Over time, safety management has moved from a reactive culture that responds to events that have already happened to a proactive culture, that uses leading indicators as early warning signs of potential failure and, more recently, to predictive risk management using past performance data to anticipate future exposure.
"At Tellepsen Industrial, we're taking it several steps further," said Shawn Hicks, director of safety for Tellepsen Industrial. "We've developed a 24/7 Safety Blanket on our project sites that uses integrated smart devices to capture real-time safety and quality data to detect trends, and provide a leading, predictive indicator on near-future safety/quality incidents."
Tellepsen's approach combines worker-led safety and quality observations with multiple safety and quality data streams - everything from near misses and good catches to Safety Task Analysis (STAs), Quality Task Analysis (QTAs) and technology-driven productivity data for people, equipment and material - which is collected instantly at the time and place it is produced.
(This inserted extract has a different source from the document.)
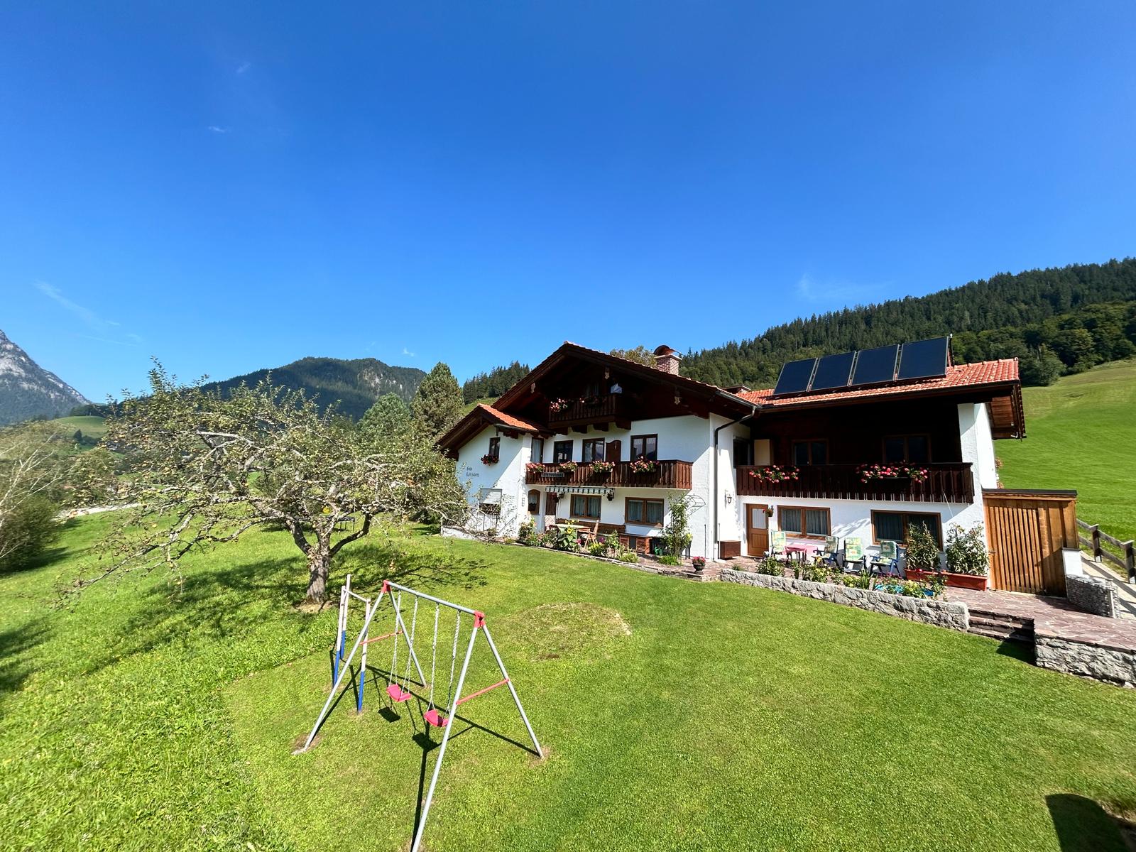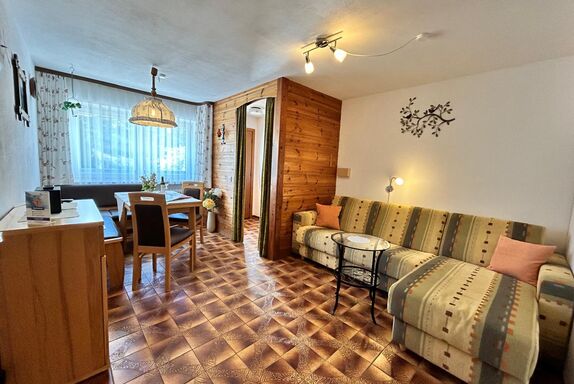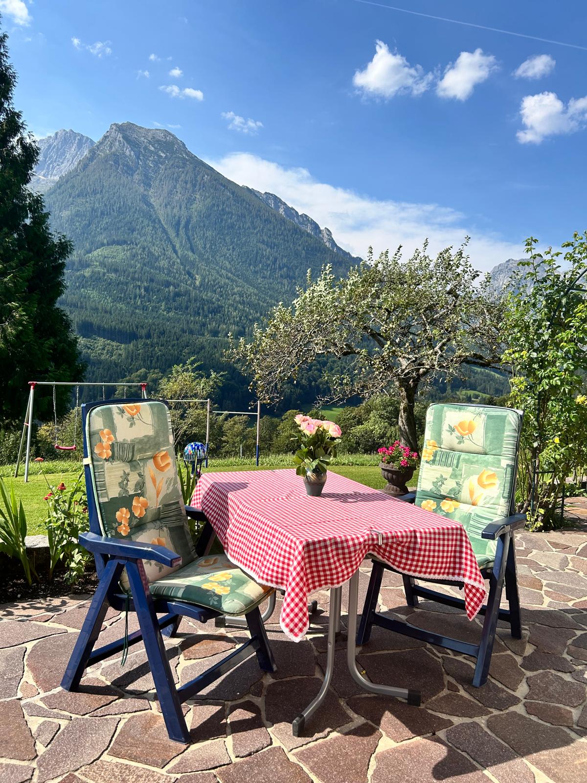 Unsere Ferienwohnung ist nach Süden ausgerichtet und bietet Platz für 1-4 Personen. Sie besteht aus einem separaten Schlafzimmer, einem Wohnraum mit sehr guter Schlafgelegenheit, einer komplett eingerichteten Küche, Dusche/WC, sowie einer Terrasse, von der Sie eine schöne Aussicht auf die Ramsauer Berge haben.

The data is filtered and fed into a platform Tellepsen calls the Safety Quality Heat Map (SQHM), which serves as the single source of truth for the "Safety Energy" of the project. Safety Energy, as defined by Tellepsen, is a leading indicator index that measures the overall health of a project or job site based on the number of proactive safety/quality activities, and the degree of engagement by project management and employees to promote and communicate safety and quality.
"The SQHM collects all the data and assigns an algorithm to each in an easy-to-read green, yellow and red format," said Hicks. "When one or more of the project's leading indicators show a trend from green to yellow, the SQHM provides a visual alert to the site team and corporate personnel signaling that the site needs intervention to curb the trend, or a corrective action plan to address it. If one of the factors turns red, it alerts the site team and corporate management to address the issue immediately."
Tellepsen also leverages the data to exploit positive trends that can be shared as lessons learned or best practices among employees and projects.
Currently, Tellepsen has deployed the SQHM on 15 sites and is using the data to enforce the productive culture seen across all its projects, while feeding the predictive trends into the baseline of future projects. This relentless feedback loop of data, along with continual analysis of the data, is driving Tellepsen's safety culture - from proactive, through predictive - and onto a future state of prescriptive execution.